• What needs to be done
Send back the line that contains "由于采购环节手续繁琐、部门衔" and all lines following it through the end of the data below, exactly, omitting pictures.
--- Excerpted records Enclosed Below ---
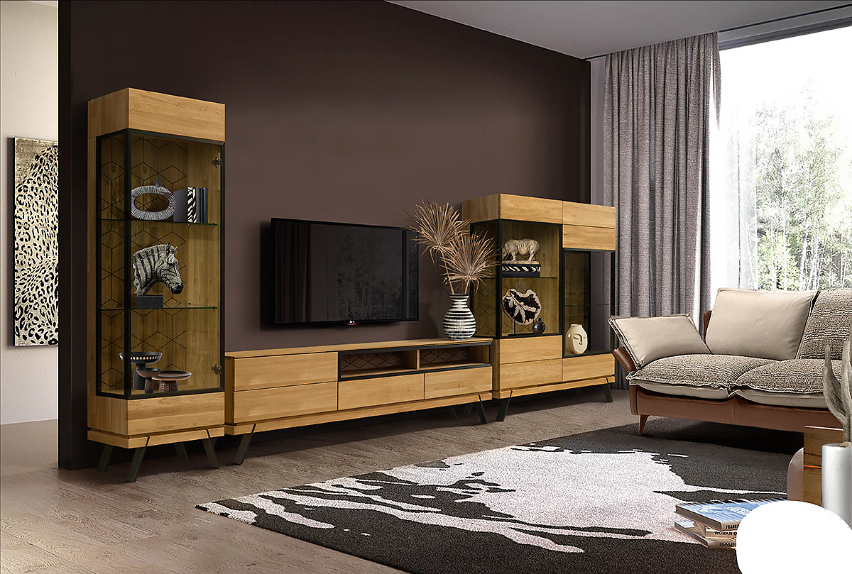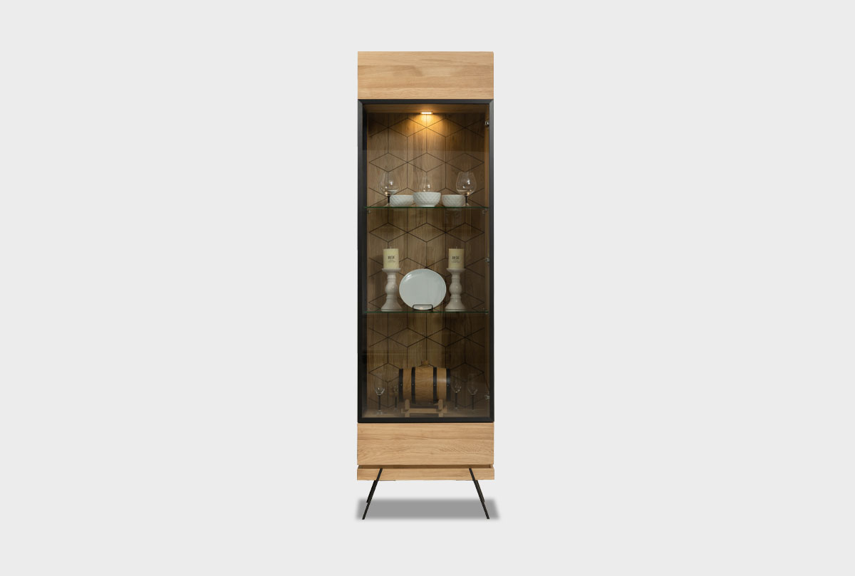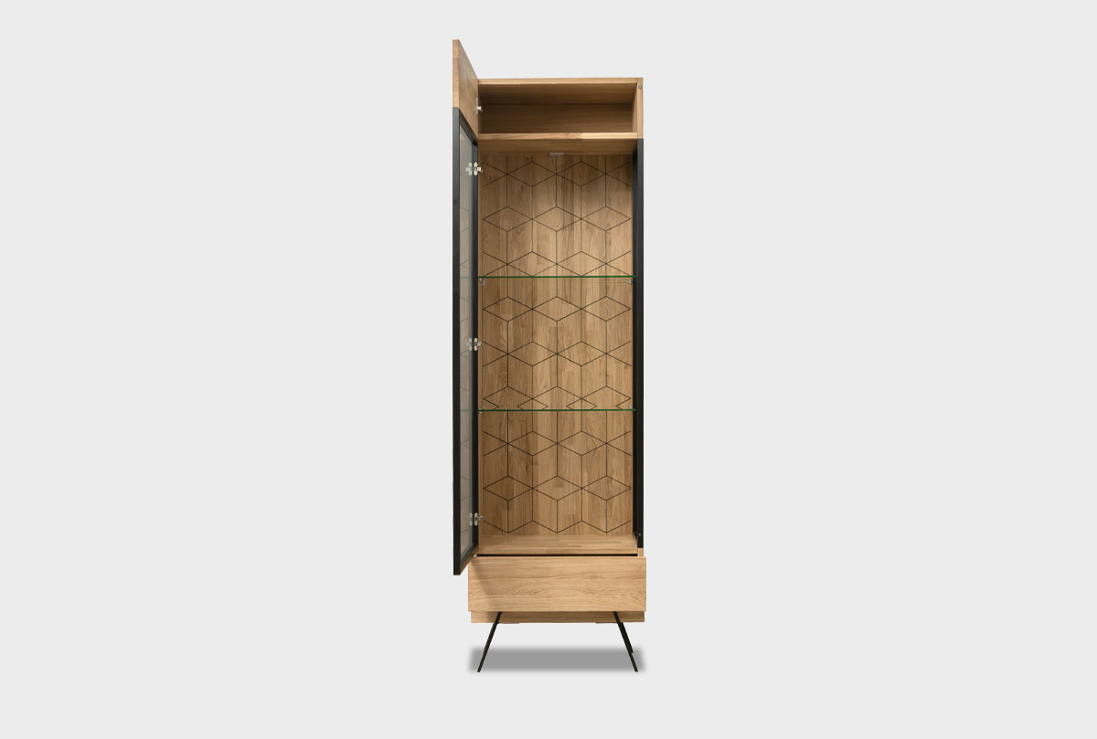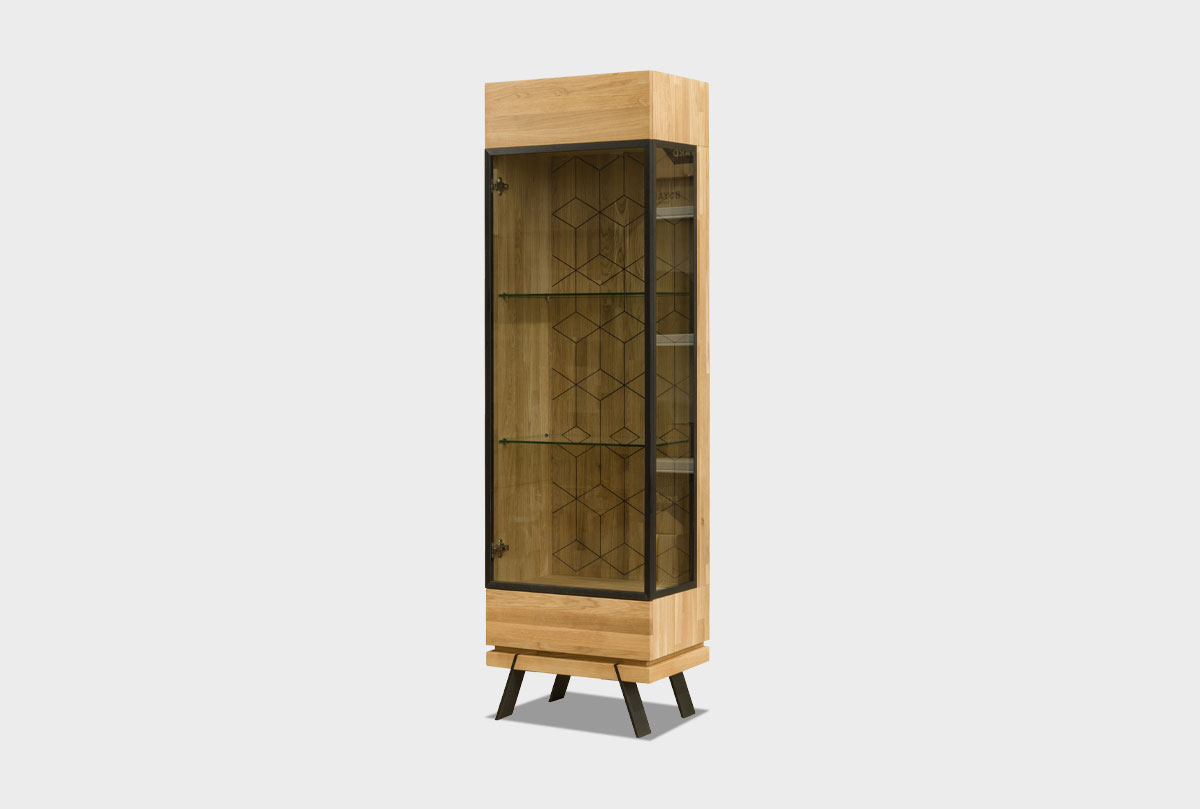 Левая однодверная витрина «Etna» с декором из дуба в цвете дуб натуральный в стиле Лофт.
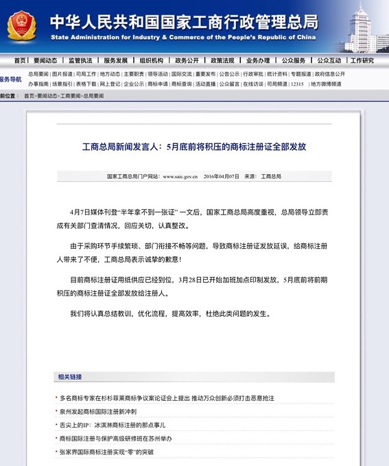 由于采购环节手续繁琐、部门衔接不畅等问题,导致商标注册证发放延误,给商标注册人带来了不便,工商总局表示诚挚的歉意!
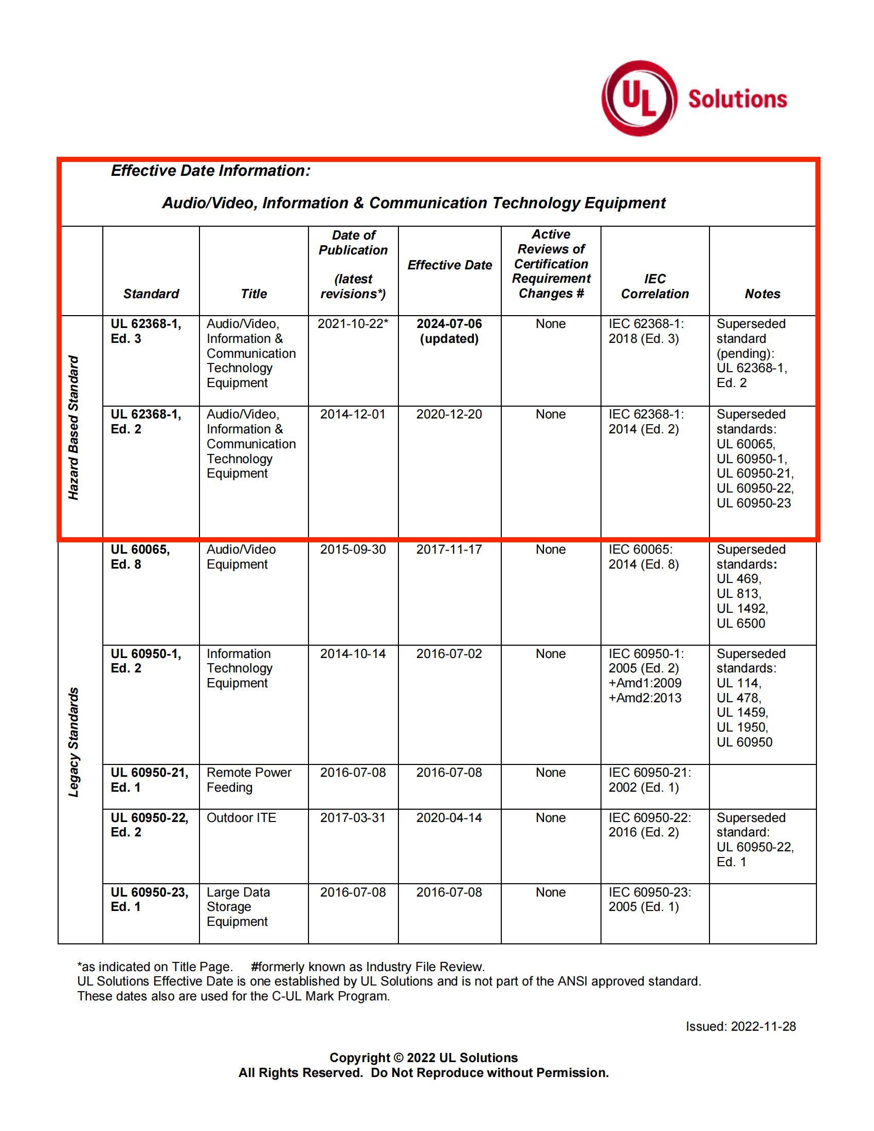 UL在2022年11月28日发布更新,UL 62368-1, Ed. 3生效日期更新到2024-07-06,这意味UL 62368-1第三版生效日期更新与欧洲一致。
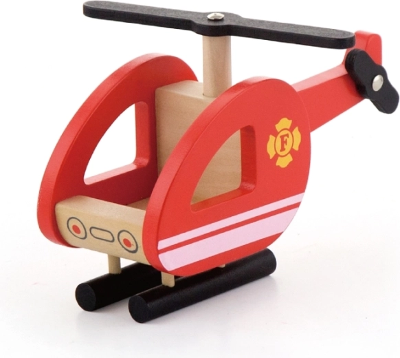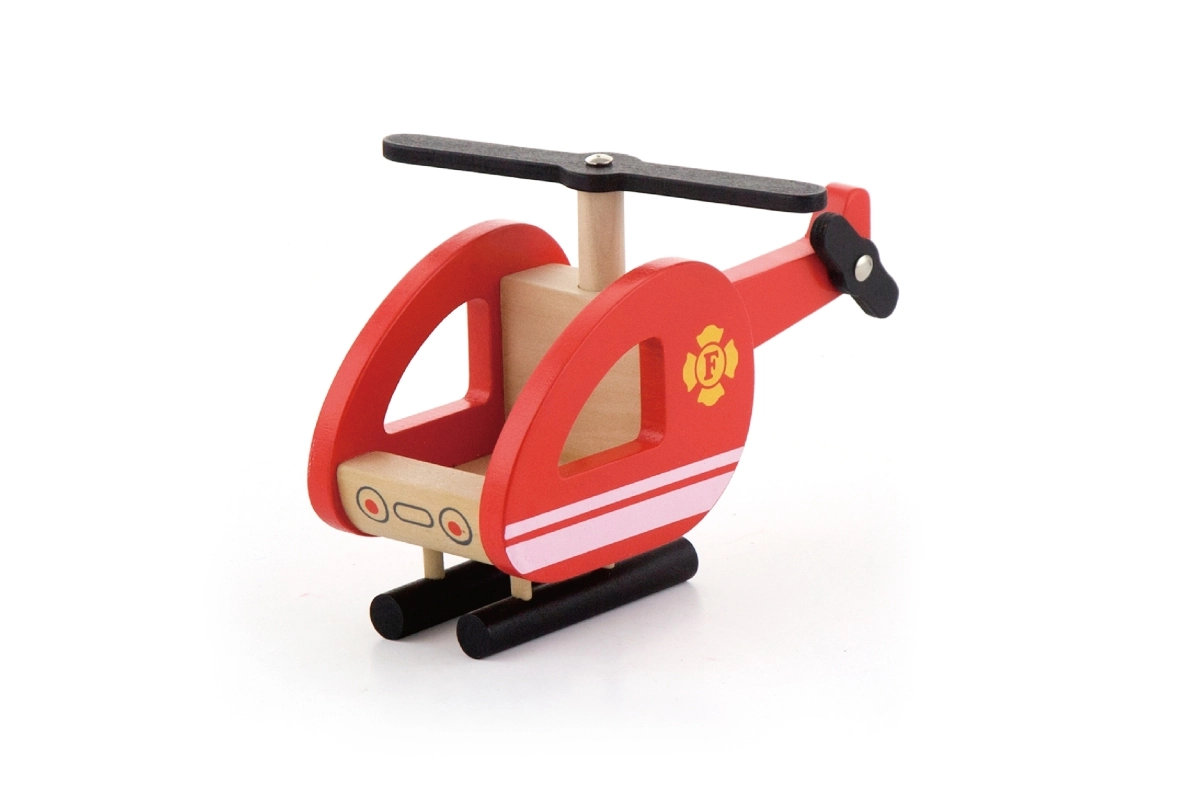 Compacte houten helikopter met draaibare rotor en stabiele skids die elke reddingsmissie vanuit de lucht compleet maakt.
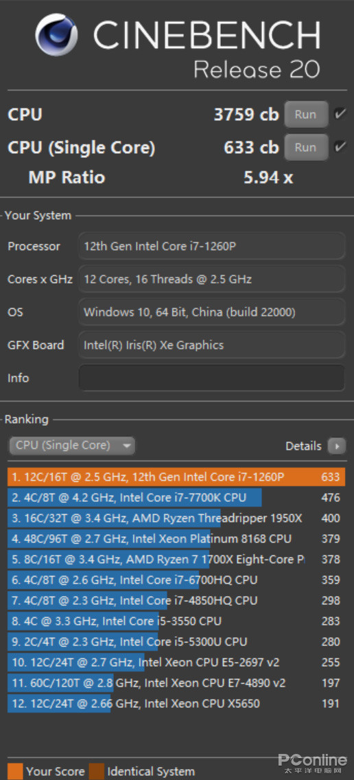 Cinebench是基于Cinema 4D開發(fā)出的基準測試,能反映出處理器的渲染能力。R20版本中,單線程得分為633cb,多線程得分為3759cb;R23版本中,單線程得分為1656pts,多線程得分為10035pts。
--- End of Enclosed Excerpted records ---
• Exercise solution
 由于采购环节手续繁琐、部门衔接不畅等问题,导致商标注册证发放延误,给商标注册人带来了不便,工商总局表示诚挚的歉意!
 UL在2022年11月28日发布更新,UL 62368-1, Ed. 3生效日期更新到2024-07-06,这意味UL 62368-1第三版生效日期更新与欧洲一致。
 Compacte houten helikopter met draaibare rotor en stabiele skids die elke reddingsmissie vanuit de lucht compleet maakt.
 Cinebench是基于Cinema 4D開發(fā)出的基準測試,能反映出處理器的渲染能力。R20版本中,單線程得分為633cb,多線程得分為3759cb;R23版本中,單線程得分為1656pts,多線程得分為10035pts。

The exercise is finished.